Loanwords
What English took from Arabic, what modern Arabic has taken from English, and the long shadow Arabic cast over Spanish.
Loanwords are not trivia. They are evidence — of trade routes, of conquests, of which culture had the prestige in a given field at a given time. The Arabic words that entered English in the medieval period cluster heavily in mathematics, astronomy, chemistry, and navigation: algebra, algorithm, zenith, nadir, alcohol, cipher, admiral. The English words now appearing in Arabic, by contrast, cluster in technology, business, and consumer culture: kompyuutar, internet, mobaayl, marketing. Each direction tells a different story about its century.

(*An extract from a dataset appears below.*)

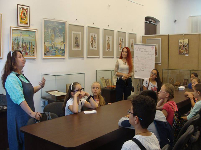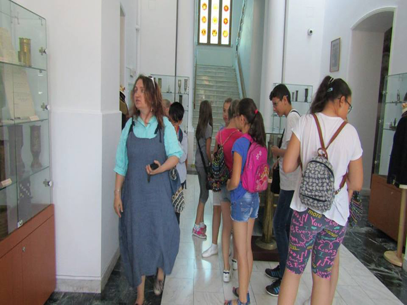 Vizitatori, la Muzeul Brăilei „Carol I” - Centrul Diversităţii Culturale. Activitate în cadrul Şcolii de Vară, coordonate de Armanda Filipine, jurnalist („Brăila Chirei”). Elevi de la Şcoala Gimnazia

Read the pages in whatever order suits you. Arabic words in English is the most-asked-about and probably the page to start with: it is much longer than most English speakers expect. English words in modern Arabic covers the live, ongoing borrowings, including the ones that purist editors try to suppress and the ones that have already settled in. Arabic-origin words in Spanish is a side trip but a rewarding one — roughly eight percent of the Spanish vocabulary, by some counts, traces to Arabic, the legacy of nearly eight centuries of Muslim presence on the Iberian peninsula. False friends catalogues the words that look or sound like cognates but are not, or that are cognates with shifted meanings. Complete etymology list is a longer reference, organized alphabetically.
One discipline we apply to this section: we cite a word as Arabic-derived only when the standard etymological dictionaries agree on the path. Folk etymologies are everywhere on the internet — checkmate from الشيخ مات "the king is dead" is the famous example, more often repeated than verified — and we try not to add to them. Where the path is contested, we say so.